DeepMind created RoboCat, an AI model that can solve and adapt to diverse tasks utilizing various real-world robots. Unlike prior models, RoboCat can perform a variety of jobs across many robotic incarnations. It was trained using photos and action data from simulated and real-world robotic environments. Initially, researchers gathered 100 to 1,000 demonstrations of human-controlled robotic arm operations. These demos were utilized to fine-tune RoboCat, resulting in a specialized model that performed the task 10,000 times. Researchers increased RoboCat’s training dataset and trained successive versions of the algorithm using data from spin-off models and demonstrations.
RoboCat’s final version was trained on 253 tasks and tested on 141 problem variations in both simulation and real-world scenarios. DeepMind reports task-specific success rates ranging from 13% to 99%, with fewer demos resulting in lower success rates.
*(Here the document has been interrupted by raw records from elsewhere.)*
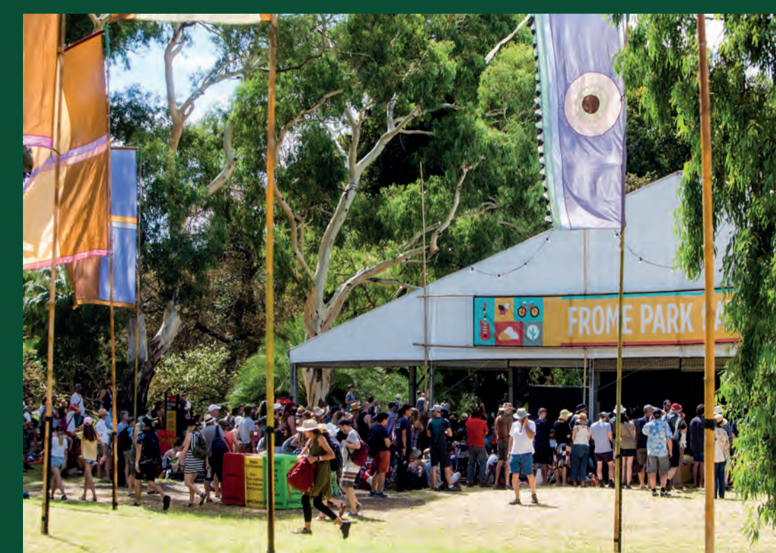
Fenced and Ticked Short-Term Events

Do you feel alienated from any of the above spaces in the Park Lands?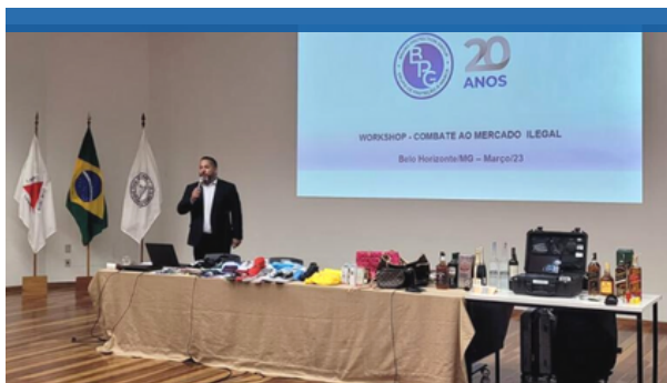
March 10th | PRF Workshop Belo Horizonte/MG | 61 Attendees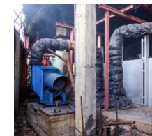
Recovering waste heat

In several cases, RoboCat displayed the ability to learn new activities with as few as 100 demonstrations.
DeepMind considers RoboCat as a tool for lowering the barrier to tackling new robotics challenges. RoboCat may be fine-tuned for new jobs and collect extra data to increase its performance with a limited number of demos. In the future, the study team hopes to minimize the number of demonstrations required to teach RoboCat a new task to less than ten.